To extend the one-half cent increase in sales taxes will cost taxpayers an additional $370 million next fiscal year. That’s a tax increase.
To continue the one-half percent increase in the income tax rate will cost taxpayers an additional $ 40 million next fiscal year. That’s a tax increase.
In 2001, taxpayers were promised expanded tax deductions (growing the child tax credit from $60 to $75 per child and the standard deduction from $5,000 to $5,500). To fail to deliver those deductions will cost taxpayers an additional $50 million next fiscal year.
CSE North Carolina Director Jonathan Hill commented, “Anytime there is a change in public policy that results in more money going from North Carolina families to the state government in Raleigh, that’s a tax increase.

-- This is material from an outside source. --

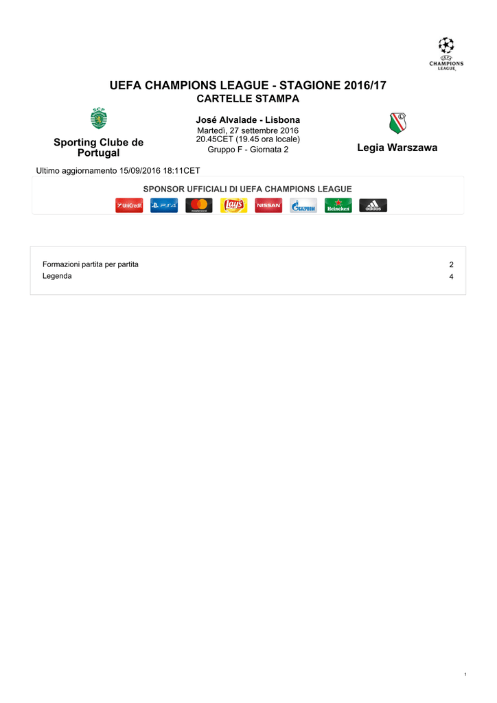 UEFA CHAMPIONS LEAGUE - STAGIONE 2016/17 CARTELLE STAMPA José Alvalade - Lisbona Sporting Clube de Portugal Martedì, 27 settembre 2016 20.45CET (19.45 ora locale) Gruppo F - Giornata 2 Legia Warszawa Ultimo aggiornamento 15/09/2016 18:11CET SPONSOR UFFICIALI DI UEFA CHAMPIONS LEAGUE Formazioni partita per partita 2 Legenda 4 1 Sporting Clube de Portugal - Legia Warszawa Martedì 27 settembre 2016 - 20.45CET (19.45 ora locale) Cartella stampa José Alvalade, Lisbona Formazioni partita per partita Sporting Clube de Portugal UEFA Champions League - Fase a gironi Gruppo F Club G V P S RF GS P.ti Borussia Dortmund 1 1 0 0 6 0 3 Real Madrid CF 1 1 0 0 2 1 3 Legia Warszawa 1 0 0 1 0 6 0 Sporting Clube de Portugal 1 0 0 1 1 2 0 Giornata 1 (14/09/2016) Real Madrid CF 2-1 Sporting Clube de Portugal Reti: 0-1 Bruno César 48, 1-1 Ronaldo 89, 2-1 Morata 90+4 Sporting Clube de Portugal: Rui Patrício, Ruiz (92 Campbell), Bruno César, Coates, William Carvalho, João Pereira, Adrien Silva (73 Elías), Dost, Zeegelaar, Ruben Semedo, Gelson Martins (70 Marković) Giornata 2 (27/09/2016) Sporting Clube de Portugal-Legia Warszawa Giornata 3 (18/10/2016) Sporting Clube de Portugal-Borussia Dortmund Giornata 4 (02/11/2016) Borussia Dortmund-Sporting Clube de Portugal Giornata 5 (22/11/2016) Sporting Clube de Portugal-Real Madrid CF Giornata 6 (07/12/2016) Legia Warszawa-Sporting Clube de Portugal Legia Warszawa UEFA Champions League - Secondo turno di qualificazione (12/07/2016) HŠK Zrinjski 1-1 Legia Warszawa Reti: 0-1 Nikolić 49, 1-1 Katanec 57 Legia Warszawa: Malarz (46 Cierzniak), Jodłowiec, Lewczuk, Guilherme, Duda (60 Alexandrov), Nikolić (76 Prijovic), Hloušek, Kucharczyk, Rzeźniczak, Broź, Moulin (19/07/2016) Legia Warszawa 2-0 HŠK Zrinjski (tot: 3-1) Reti: 1-0 Nikolić 28 (R) , 2-0 Nikolić 62 Legia Warszawa: Malarz, Pazdan, Jodłowiec, Lewczuk, Guilherme (15 Hämäläinen), Nikolić (75 Kopczyński), Hloušek, Kucharczyk (84 Brzyski), Broź, Moulin, Alexandrov Terzo turno preliminare (27/07/2016) FK AS Trenčín 0-1 Legia Warszawa Reti: 0-1 Nikolić 69 Legia Warszawa: Malarz, Pazdan, Jodłowiec (85 Hämäläinen), Lewczuk, Nikolić (75 Prijovic), Kopczyński, Brzyski, Kucharczyk, Bereszyński, Moulin, Alexandrov (89 Broź) (03/08/2016) Legia Warszawa 0-0 FK AS Trenčín (tot: 1-0) Legia Warszawa: Malarz, Pazdan, Jodłowiec, Lewczuk, Langil (69 Alexandrov), Nikolić (78 Prijovic), Hloušek, 2 Sporting Clube de Portugal - Legia Warszawa Cartella stampa Martedì 27 settembre 2016 - 20.45CET (19.45 ora locale) José Alvalade, Lisbona Kopczyński, Kucharczyk, Bereszyński (56 Broź), Moulin Spareggi (17/08/2016) Dundalk FC 0-2 Legia Warszawa Reti: 0-1 Nikolić 56 (R) , 0-2 Prijovic 90+4 Legia Warszawa: Malarz, Pazdan, Jodłowiec, Lewczuk, Langil (88 Alexandrov), Odjidja (76 Kopczyński), Nikolić (83 Prijovic), Hloušek, Kucharczyk, Broź, Moulin (23/08/2016) Legia Warszawa 1-1 Dundalk FC (tot: 3-1) Reti: 0-1 Benson 19, 1-1 Kucharczyk 90+2 Legia Warszawa: Malarz, Pazdan, Jodłowiec, Lewczuk, Langil (65 Guilherme), Odjidja, Nikolić (71 Bereszyński), Hloušek, Kucharczyk, Broź, Moulin (93 Prijovic) Fase a gironi Giornata 1 (14/09/2016) Legia Warszawa 0-6 Borussia Dortmund Reti: 0-1 Götze 7, 0-2 Papastathopoulos 15, 0-3 Bartra 17, 0-4 Raphaël Guerreiro 51, 0-5 Castro 76, 0-6 Aubameyang 87 Legia Warszawa: Malarz, Jodłowiec, Czerwiński, Dąbrowski, Guilherme, Langil, Odjidja, Kazaishvili (66 Alexandrov), Bereszyński, Moulin (76 Radović), Prijovic (63 Nikolić) Giornata 2 (27/09/2016) Sporting Clube de Portugal-Legia Warszawa Giornata 3 (18/10/2016) Real Madrid CF-Legia Warszawa Giornata 4 (02/11/2016) Legia Warszawa-Real Madrid CF Giornata 5 (22/11/2016) Borussia Dortmund-Legia Warszawa Giornata 6 (07/12/2016) Legia Warszawa-Sporting Clube de Portugal 3 Sporting Clube de Portugal - Legia Warszawa Martedì 27 settembre 2016 - 20.45CET (19.45 ora locale) Cartella stampa José Alvalade, Lisbona Legenda Statistiche di tutti i tempi I dati statistici di tutti i tempi delle squadre partecipanti alle competizioni UEFA per club. Competizioni UEFA per club: Si tratta dei dati considerati validi per elaborare le statistiche ufficiali delle competizioni UEFA per club, ossia Coppa dei Campioni, UEFA Champions League, UEFA Europa League, Coppa delle Coppe UEFA, Supercoppa UEFA (dal 1973), Coppa UEFA Intertoto, Coppa Intercontinentale. La Coppa delle Fiere non viene inclusa, così come la Supercoppa del 1972, dato che non si sono tenute sotto la supervisione UEFA, mentre la Coppa del Mondo per Club FIFA è esclusa. Direttori di gara UCL: Gare totali arbitrate in UEFA Champions League dalla stagione 1992/93, solo dalla fase a gironi alla finale. Le partite in cui l'arbitro interessato ha svolto la funzione di quarto uomo non sono incluse in questa statistica. Si tratta dei dati considerati validi per elaborare le statistiche ufficiali della competizione. UEFA: Gare totali arbitrate nelle competizioni UEFA per club compresi tutti i turni di qualificazione. Le partite in cui l'arbitro interessato ha svolto la funzione di quarto uomo non sono incluse in questa statistica. Si tratta dei dati considerati validi per elaborare le statistiche ufficiali della competizione. Competizioni Competizioni Club Competizioni per squadre nazionali UCL: UEFA Champions League ECCC: Coppa dei Campioni UEL: UEFA Europa League UCUP: Coppa UEFA UCWC: Coppa delle Coppe UEFA SCUP: Supercoppa UEFA UIC: Coppa UEFA Intertoto ICF: Coppa delle Fiere EURO: Campionati europei UEFA Mondiali: Coppa del Mondo FIFA CONFCUP: FIFA Confederations Cup Amic: Amichevoli Amic U21: Amichevoli Under-21 U21: Campionato Europeo UEFA Under 21 U17: Europei Under 17 U16: Europei Under 16 U19: Europei Under 19 U18: Europei Under 18 WWC: FIFA Women's World Cup WEURO: Campionati Europei femminili UEFA Fasi della competizione Altre abbreviazioni F: Finale Grp 1: Prima fase a gironi 3TP: Terzo turno preliminare 2TU: Secondo turno 4TU: Quarto turno 1/2: Semifi
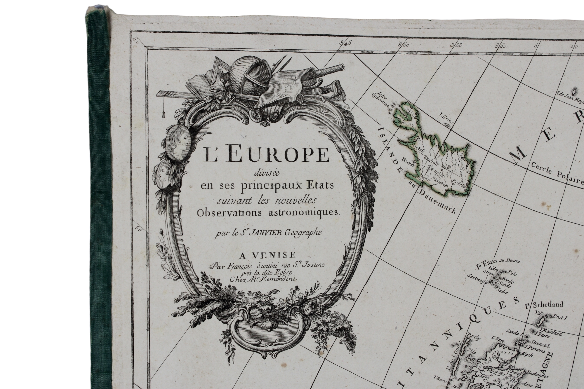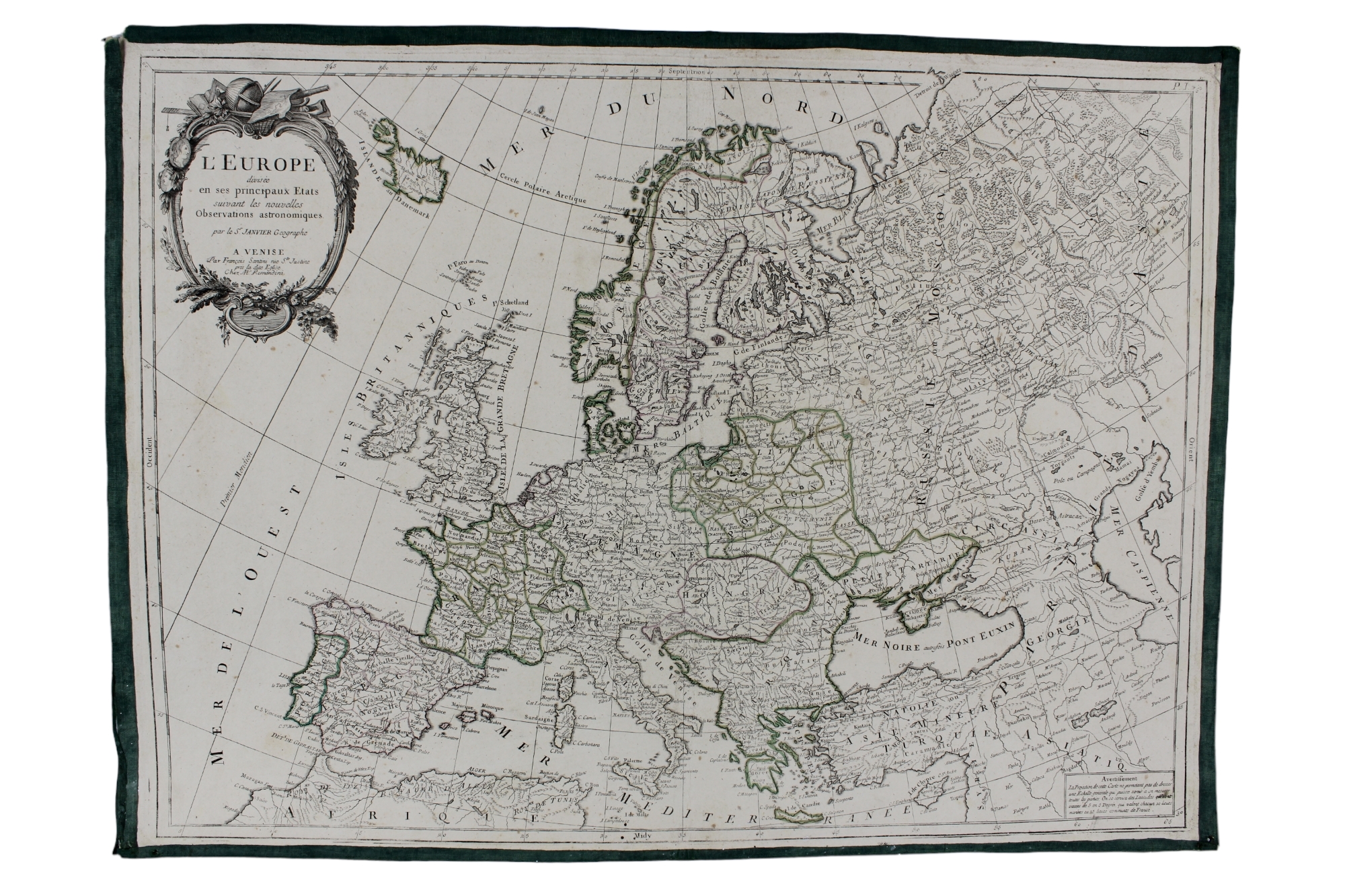 CARTINA GEOGRAFICA REMONDINI Giuseppe Antonio (nato 1634) Europa. L'Europe divisée en ses princioaux Etats souvans les nouvelles observations… par Sr. Janvier geographe. Inc. rame stampata a Venezia chez Remondini sec XVIII Carta geografica controfondata posteriormente da tela di lino (epoca 1800)

”When Governor Easley told reporters, ‘You are probably going to have to freeze the tax structure right now,’ what he really means is he refuses to freeze out of control state spending. Before the Governor decides to take more money from North Carolina citizens, he should first evaluate the size of the state government and all of its programs.
“CSE clearly sees the Governor’s move as a continuation of tax increases on the hard working people of North Carolina.
“Promises for tax relief were made, and now they’re promises broken. CSE members are going to fight to stop these proposed tax increases.”